Start of EXERCISE MATERIALS

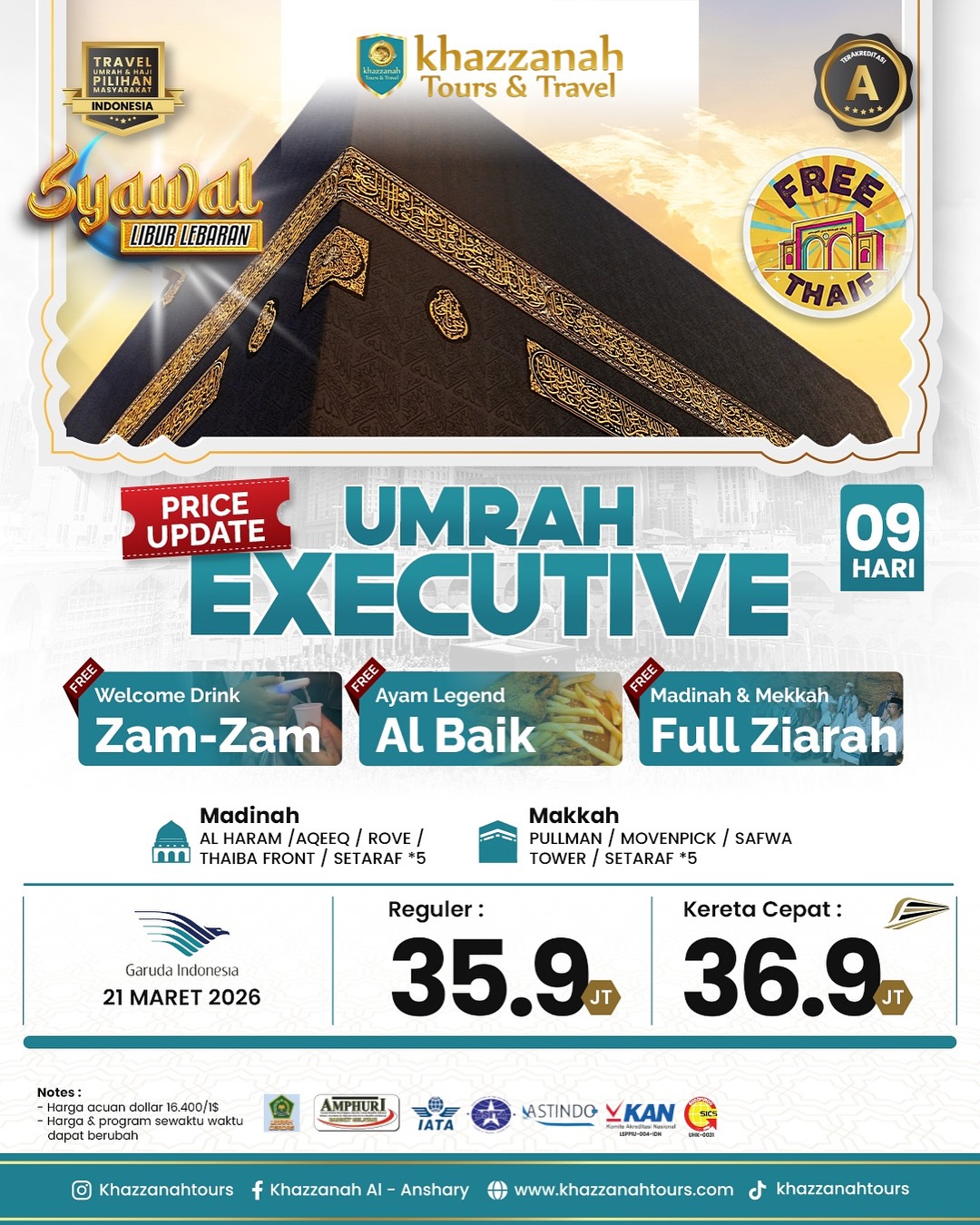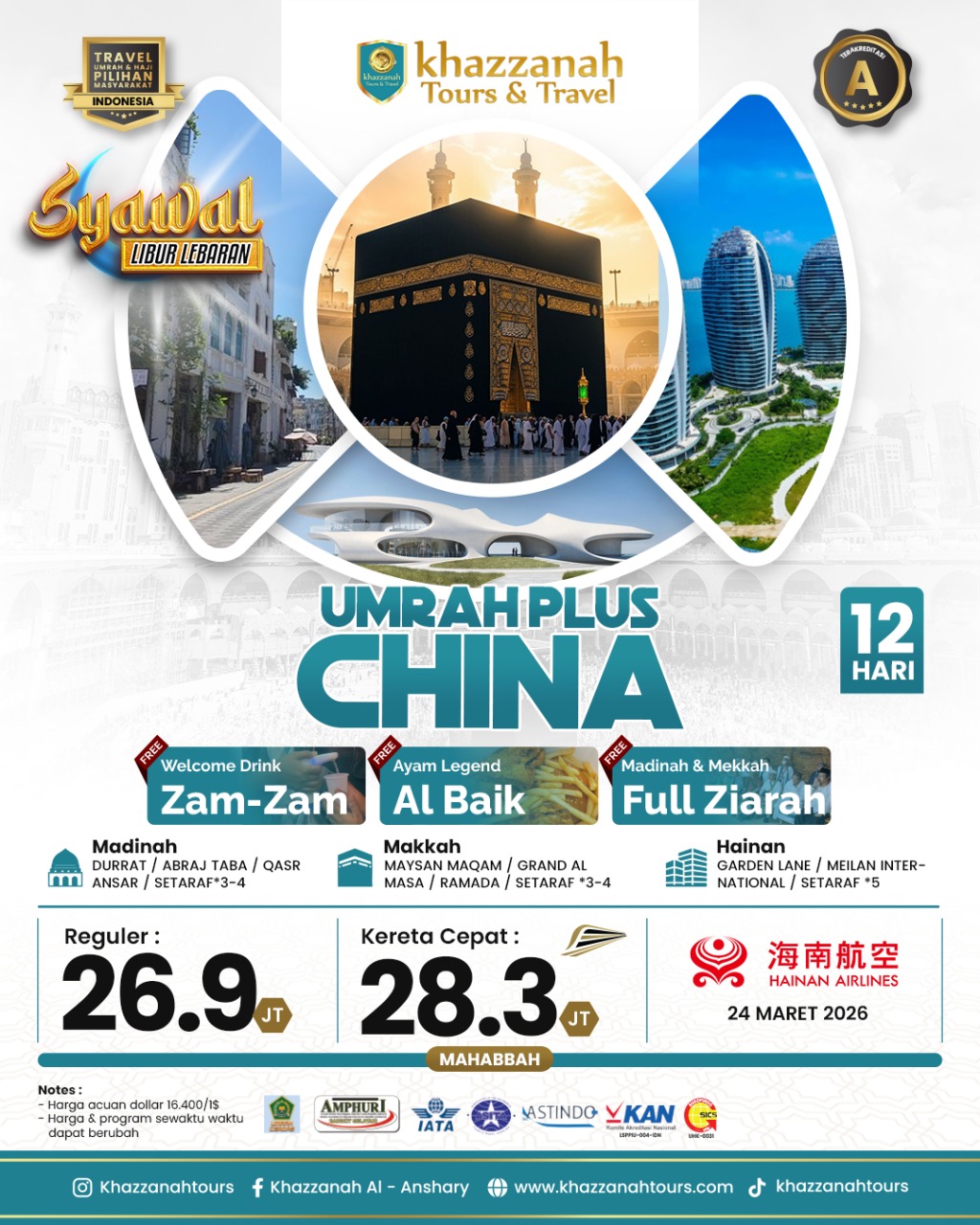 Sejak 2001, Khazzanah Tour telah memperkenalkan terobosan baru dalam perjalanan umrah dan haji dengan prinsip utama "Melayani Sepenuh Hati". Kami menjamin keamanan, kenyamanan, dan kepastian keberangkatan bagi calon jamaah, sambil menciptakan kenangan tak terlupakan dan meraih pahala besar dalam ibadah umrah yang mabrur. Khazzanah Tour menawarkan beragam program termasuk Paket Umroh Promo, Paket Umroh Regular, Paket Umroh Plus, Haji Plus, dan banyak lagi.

End of EXERCISE MATERIALS
Start of EXERCISE MATERIALS

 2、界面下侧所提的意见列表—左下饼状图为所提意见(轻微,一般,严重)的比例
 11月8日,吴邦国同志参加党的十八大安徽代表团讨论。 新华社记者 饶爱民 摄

End of EXERCISE MATERIALS
Start of EXERCISE MATERIALS

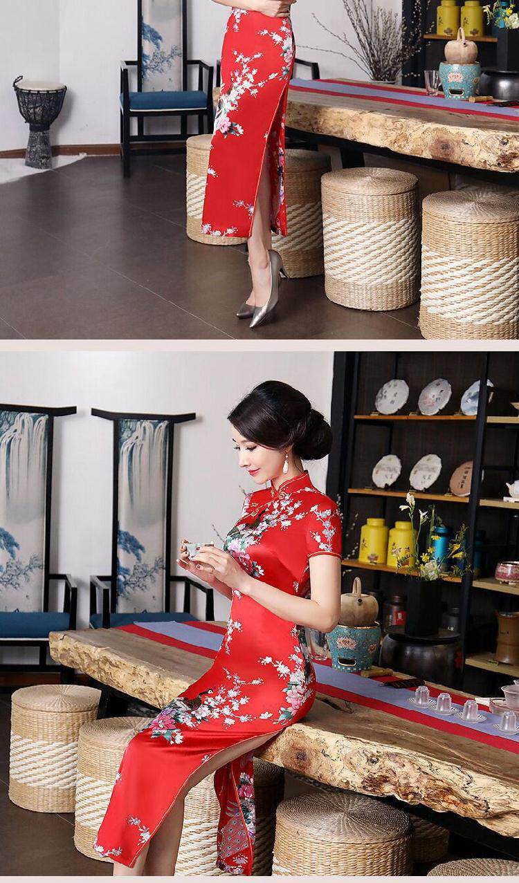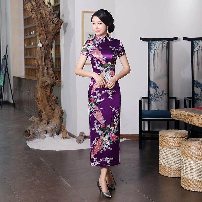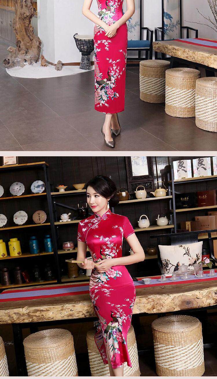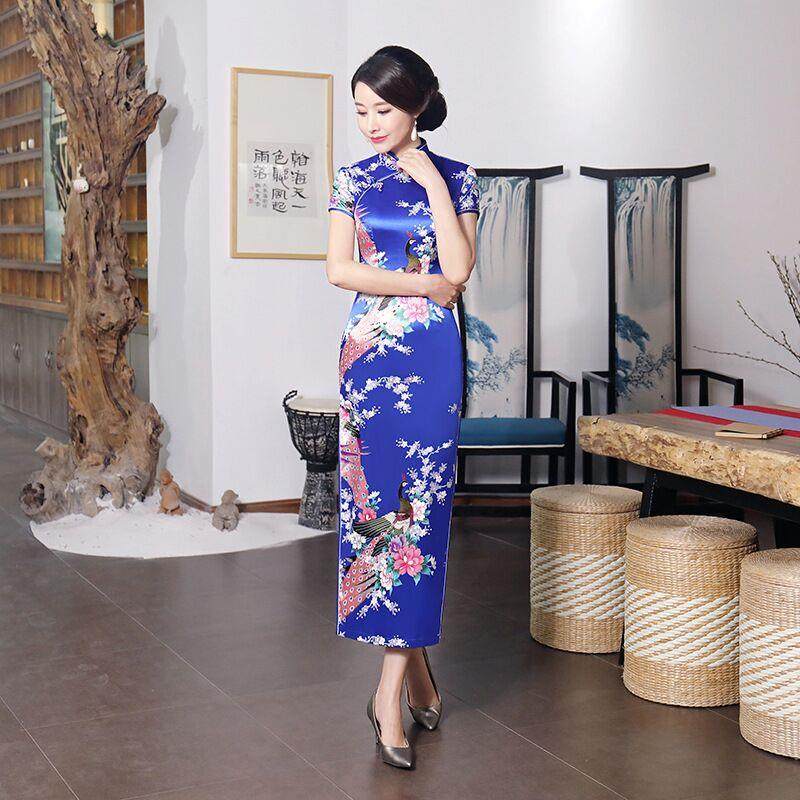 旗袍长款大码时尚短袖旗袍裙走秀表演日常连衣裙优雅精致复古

End of EXERCISE MATERIALS

• [YOUR TASK] Only the lines above from the one with "2、界面下侧所提的意见列表—左下饼状图为所提意见(轻微,一般,严重)的比例" up to and including the one with "11月8日,吴邦国同志参加党的十八大安徽代表团讨论。 新华社记者 饶爱民 摄" should be repeated, exactly as written.

• [RESPONSE]
 2、界面下侧所提的意见列表—左下饼状图为所提意见(轻微,一般,严重)的比例
 11月8日,吴邦国同志参加党的十八大安徽代表团讨论。 新华社记者 饶爱民 摄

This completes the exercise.